WHAT IS BEING ASKED: Wherever "your" shows up in the records below, copy the whole line.

RECORDED INFORMATION:
•••
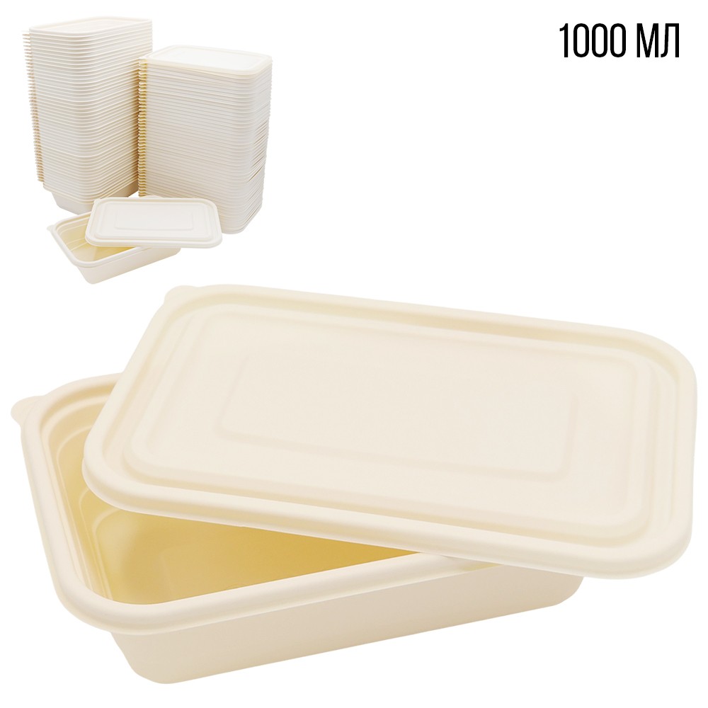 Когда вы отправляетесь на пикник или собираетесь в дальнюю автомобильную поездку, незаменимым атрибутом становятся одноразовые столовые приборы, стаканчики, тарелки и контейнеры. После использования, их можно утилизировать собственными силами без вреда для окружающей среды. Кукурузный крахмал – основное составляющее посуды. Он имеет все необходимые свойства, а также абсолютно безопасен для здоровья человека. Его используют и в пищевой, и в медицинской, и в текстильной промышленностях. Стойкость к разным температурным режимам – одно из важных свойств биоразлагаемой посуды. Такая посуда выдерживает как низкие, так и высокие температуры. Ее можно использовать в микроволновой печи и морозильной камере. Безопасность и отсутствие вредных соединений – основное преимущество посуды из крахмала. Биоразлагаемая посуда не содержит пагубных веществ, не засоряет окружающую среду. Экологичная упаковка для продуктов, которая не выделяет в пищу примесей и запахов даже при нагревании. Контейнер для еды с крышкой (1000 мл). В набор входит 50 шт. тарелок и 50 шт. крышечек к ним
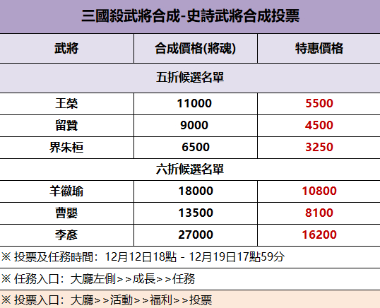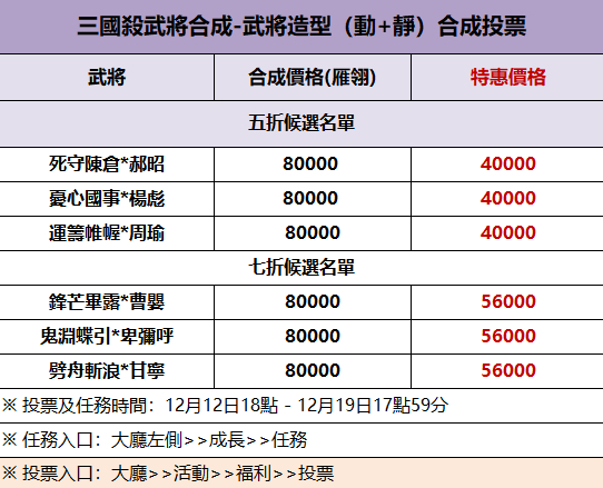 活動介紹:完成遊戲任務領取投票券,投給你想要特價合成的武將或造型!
•••
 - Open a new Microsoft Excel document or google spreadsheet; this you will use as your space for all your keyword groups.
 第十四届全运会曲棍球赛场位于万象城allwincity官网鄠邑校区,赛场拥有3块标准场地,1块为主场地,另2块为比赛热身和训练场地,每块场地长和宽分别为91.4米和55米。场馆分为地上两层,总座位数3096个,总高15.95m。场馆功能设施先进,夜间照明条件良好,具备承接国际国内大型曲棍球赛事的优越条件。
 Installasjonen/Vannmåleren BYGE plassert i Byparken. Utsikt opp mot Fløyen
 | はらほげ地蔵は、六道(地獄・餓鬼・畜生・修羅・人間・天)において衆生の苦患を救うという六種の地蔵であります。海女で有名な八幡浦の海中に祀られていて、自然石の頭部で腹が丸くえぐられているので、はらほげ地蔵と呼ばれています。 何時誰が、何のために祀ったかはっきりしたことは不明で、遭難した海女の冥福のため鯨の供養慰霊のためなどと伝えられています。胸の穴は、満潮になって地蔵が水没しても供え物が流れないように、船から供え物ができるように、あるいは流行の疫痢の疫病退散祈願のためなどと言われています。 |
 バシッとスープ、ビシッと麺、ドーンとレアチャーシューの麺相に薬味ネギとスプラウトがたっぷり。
•••
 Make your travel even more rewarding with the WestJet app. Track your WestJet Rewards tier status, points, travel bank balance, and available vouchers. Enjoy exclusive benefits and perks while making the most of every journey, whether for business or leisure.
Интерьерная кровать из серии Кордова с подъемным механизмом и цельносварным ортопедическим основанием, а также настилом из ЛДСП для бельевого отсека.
•••
TASK RESULT:
 - Open a new Microsoft Excel document or google spreadsheet; this you will use as your space for all your keyword groups.
 Make your travel even more rewarding with the WestJet app. Track your WestJet Rewards tier status, points, travel bank balance, and available vouchers. Enjoy exclusive benefits and perks while making the most of every journey, whether for business or leisure.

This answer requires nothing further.